Au fil de la série, ça fonctionne généralement bien, et il devient facile de supposer que les défauts font partie du plan, que chaque conversation maladroite, chaque élément étrange finira par se révéler utile dans les pages qui suivent. Ça met une certaine pression sur la fin de l’histoire. La narration est conçue pour tendre vers une fin, et plus elle est longue, plus la construction à mener est complexe; bien qu’il soit possible d’apprécier chaque moment présent, ce type d’histoires repose sur le besoin de savoir ce qui se passera ensuite. Ça ne fait qu’ajouter au poids qui repose sur la conclusion. Et quand vous avez une histoire qui dure depuis longtemps, la pression est d’autant plus intense. Plus la série est longue, plus on accumule d’attentes et d’envies, et plus l’intimité se fait sentir, un peu comme une histoire d’amour à distance où l’on se jure engagement et fidélité. On a besoin d’une fin qui nous confirme qu’on a partagé cette même réalité, qui soutient les regards extérieurs, qui achève la trame qui avait été entamée, qui tient les promesses qui avaient été faites et transforme un fragment de vie en quelque chose de complet.

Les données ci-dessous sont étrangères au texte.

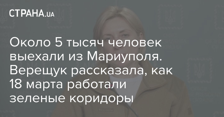 "Сегодня работал гуманитарный коридор Мариуполь - Запорожье. Около 5 тысяч человек выехало, сейчас ещё ждём 5 автобусов с 500 человек. Из Сум к концу дня выедут примерно 8 тысяч человек", - сказала она.

C’est quasiment impossible. L’une des techniques qu’ont les auteurs de sagas pour rassurer les lecteurs sur le fait que tout se passera bien, c’est de dire je sais déjà comment ça finit. C’est supposé nous faire croire que toutes les ellipses et éléments étranges de l’histoire sont voulus, parce que oui, il y a bien quelqu’un qui sait dans quelle direction on va. Sauf que les histoires sont compliquées. Elles se développent tout autant au fil de la plume qu’elles ne sont planifiées au départ. Avec un roman stand alone, ça n’est pas un problème : l’auteur écrit un brouillon, aplanit les points qui ne le satisfont pas dans son histoire, et le publie lorsqu’il se sent prêt. Mais en publiant chaque tome séparément, avant que les autres ne soient terminés, George R.R. Martin nous fait en quelque sorte lire son brouillon. Cela fait qu’il est impossible pour lui de revenir en arrière et de changer quelque chose qui ne va pas. Aucun des romans de cette série n’est vraiment maladroit ou ne manque de fignolage, mais tous les évènements qui s’y sont passés sont maintenant gravés dans le marbre. Alors si Martin se retrouve dans une ornière pour son intrigue, il ne pourra pas simplement la laisser de côté et y revenir plus tard. Il doit s’arrêter, et faire en sorte que ça fonctionne tout de suite. Avec chaque nouvelle intrigue dans la série, ça signifie qu’il a plus d’éléments à garder cohérents, plus de mots gravés dans le marbre sur lesquels il ne pourra pas revenir… Je suis sûr qu’il a une idée en tête pour la fin, mais qui sait si c’est la même que celle qu’il avait il y a quinze ans ? Et si oui, peut-il vraiment être sûr qu’elle convient, après tout ce qu’il a pu écrire ?
La seule solution pour les lecteurs est d’apprécier ce qu’on leur donne, quand on le leur donne. Neil Gaiman a eu raison de rappeler à chacun que les écrivains ne sont pas des machines. La quantité de travail que Martin ou tout autre artiste peut fournir n’est pas seulement une question de temps et de bonne volonté, et essayer de forcer les choses ne va rien y changer. On devrait vraiment juste se préparer psychologiquement au sentiment d’abandon que ne manquera pas d’apporter la fin, quelle qu’elle soit. Même si Martin réussit son coup, qu’il parvient à nous la donner exactement comme il l’avait promis, ça ne suffira pas. Le grand paradoxe des sagas de fantasy, c’est qu’on n’en peut plus d’attendre la conclusion, mais qu’on voudrait qu’elles ne se terminent jamais.